Is God alive? Or is God non-living/dead/whatever.

Would you consider an immaterial alien entity a suitable explanation for the origin of life?

rossum
 
Is the Christian Creator a living creator or a dead/non-living creator? If God is a “living God” then the origin of life is the same as the origin of God: is is assumed.
A living God cannot create the first living thing. At most He/She/It can create the second living thing.
I have been under the impression that such considerations were thought silly by Buddhists. I guess I hang out with the wrong people. They do seem rather pointless. Obviously it hasn’t helped you know Him.
 
No, an immaterial alien would not be sufficient as explanation for life (well, (s)he could be a sufficient explanation for life on earth, but it raises the question of where the immaterial alien came from).

But God is not a mere immaterial alien. You’re viewing God in a small way. Existence passes away. He does not. We begin, but He has no beginning. All that is is from Him. God is not a mere creature that is on a higher level than us, but the author of life. In a sense, because He is, He is a living God.

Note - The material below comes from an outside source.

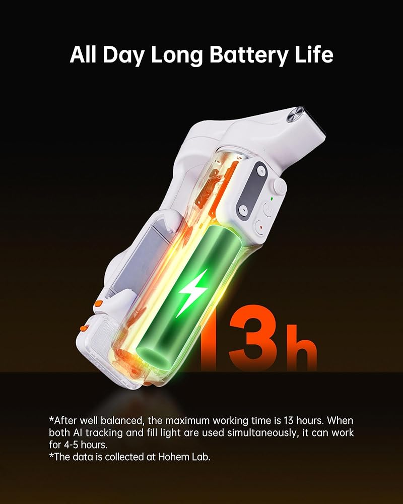 مستشعر تتبع الذكاء الاصطناعي مع ضوء ملء مغناطيسي: تم تجهيز Hohem iSteady V3 gimbal بمستشعر تتبع الذكاء الاصطناعي المغناطيسي الذي لا يحتاج إلى الاتصال بتطبيق منفصل أو يحتاج إلى مساعدة أي شخص لالتقاط كل حركة في الكاميرا بدقة. مع ثلاثة أوضاع إضاءة في المستشعر، يمكنك تسجيل لحظاتك حتى في الضوء الخافت.

But He is totally different than life that is started and is dependent upon Him, that which is necessary.

He is not like us that He should start, that He should lie, or that He should die…except in His own choosing for our sake, the latter He has done.

God is the source of all, and not dependent upon any thing.
 
I’m sensing reluctance about the mechanism of creation here, if I may say so.
The mechanism of creation is God himself or his Word, God is the creator of his creation. Is this not what Genesis 1 is teaching us? The six days of creation is God’s work, his activity, upon which he rests on the seventh day. The active cause of the creation of the heavens and the earth, the work of distinction (1-3 days), and the work of adornment (4-6 days) or filling the heavens, the earth, and the seas with various kinds of beings or creatures is God. The work of creation ends on the sixth day with the creation of man. Subsequently, God sustains and guides his creation by his providence.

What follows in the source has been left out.